エリは自宅の縁側に座って、暮れてゆく夕方の港を見ていた。
「こちらは静かな夕暮れよ」
ワーカムの、妙にリアルに音を拾ってくるマイクが、ソウルの柏木の部屋の外のシティーノイズを伝えてくる。
パタパタパタ、と乾いた音がした。
「いまのは?」
「ん?」
「何の音?」
「ああ、機関銃だろ? こんなのこの街じゃしょっちゅうだよ」
「大丈夫なの?」
「ああ」と柏木は笑って言った。

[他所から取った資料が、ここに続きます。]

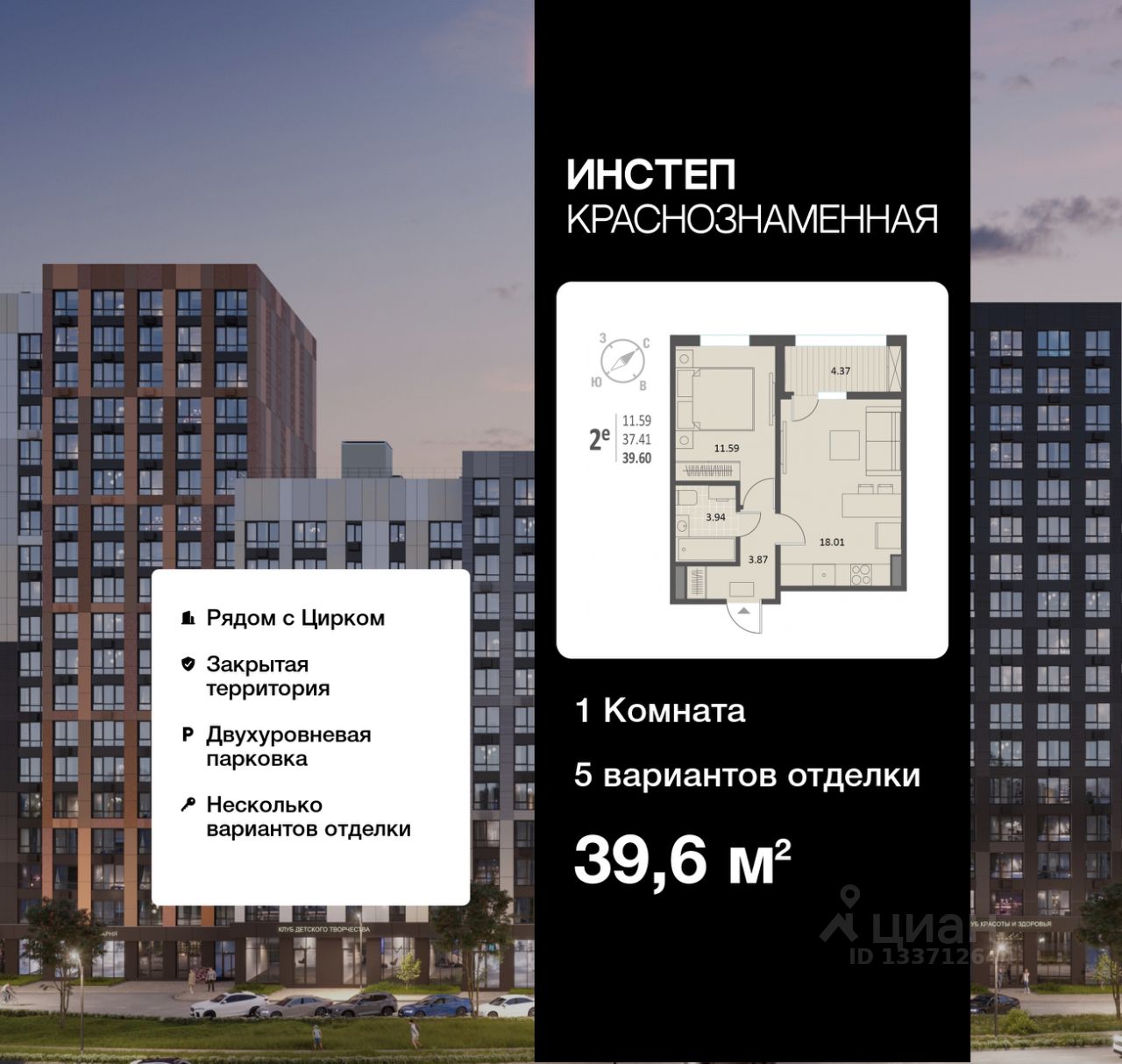 1-комн. квартира в ЖК "Инстеп. Краснознаменная" на 4 этаже. Квартира без отделки, новый собственник может сделать ремонт по своему проекту. Общая площадь: 39.6 кв.м., жилая: 11.59 кв.м., площадь просторной кухни-столовой: 18.01 кв.м. Все окна выходят на одну сторону. В квартире одна лоджия, один совмещенный санузел. Высота потолков 2.64 м.

「ここが俺の日常なんだ」
柏木はホテルの自室で、今日の仕事を終え、エリとビデオチャットをしていた。
柏木がソウルに渡って二日目。
やっとこうして、顔を見て話をする時間が持てた。
「戦争、しているのね?」
「戦争ってほどじゃない。もう政府軍もそんなに本腰を入れてないし。いまに情勢はおちつくんじゃないかな?」
気楽な声。
エリは不穏な気配を感じた。
「ねぇ、本当に大丈夫なの? 嘘ついてない?」
「大丈夫じゃなかったら、こんな通話なんてできないよ。電波妨害がかかって、インターネットのプライベート通信なんて完全に遮断される。話ができてるウチはまだ大丈夫だと思っていい」
わかった、とエリは不安を無理やり抑え込んで言った。